Dataset excerpt>

-------

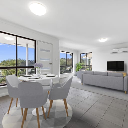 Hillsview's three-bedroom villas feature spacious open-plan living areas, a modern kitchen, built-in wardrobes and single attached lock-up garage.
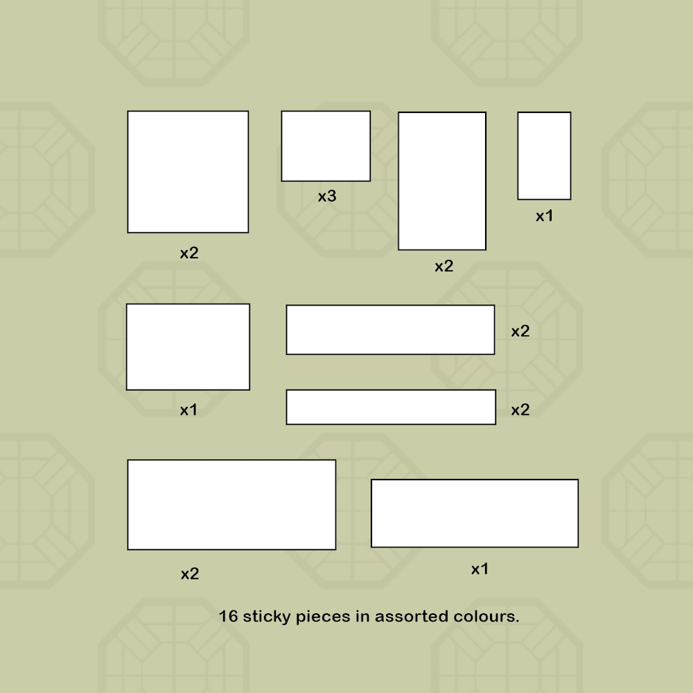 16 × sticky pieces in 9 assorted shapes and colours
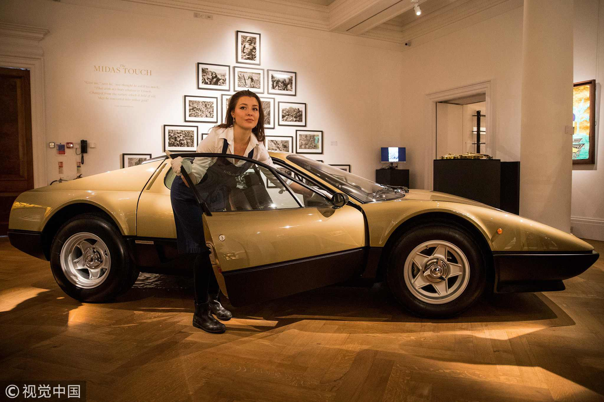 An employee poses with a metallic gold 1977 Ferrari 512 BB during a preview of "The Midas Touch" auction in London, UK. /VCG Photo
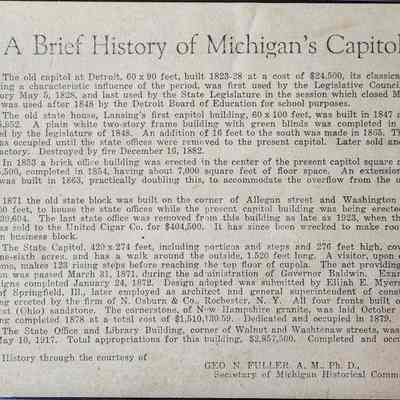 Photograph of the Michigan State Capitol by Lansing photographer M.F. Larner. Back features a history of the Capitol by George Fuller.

-------

All that is wanted is the run of lines from the start of the material through the line that holds "An employee poses", retyped exactly, with no pictures.

Task response>
 Hillsview's three-bedroom villas feature spacious open-plan living areas, a modern kitchen, built-in wardrobes and single attached lock-up garage.
 16 × sticky pieces in 9 assorted shapes and colours
 An employee poses with a metallic gold 1977 Ferrari 512 BB during a preview of "The Midas Touch" auction in London, UK. /VCG Photo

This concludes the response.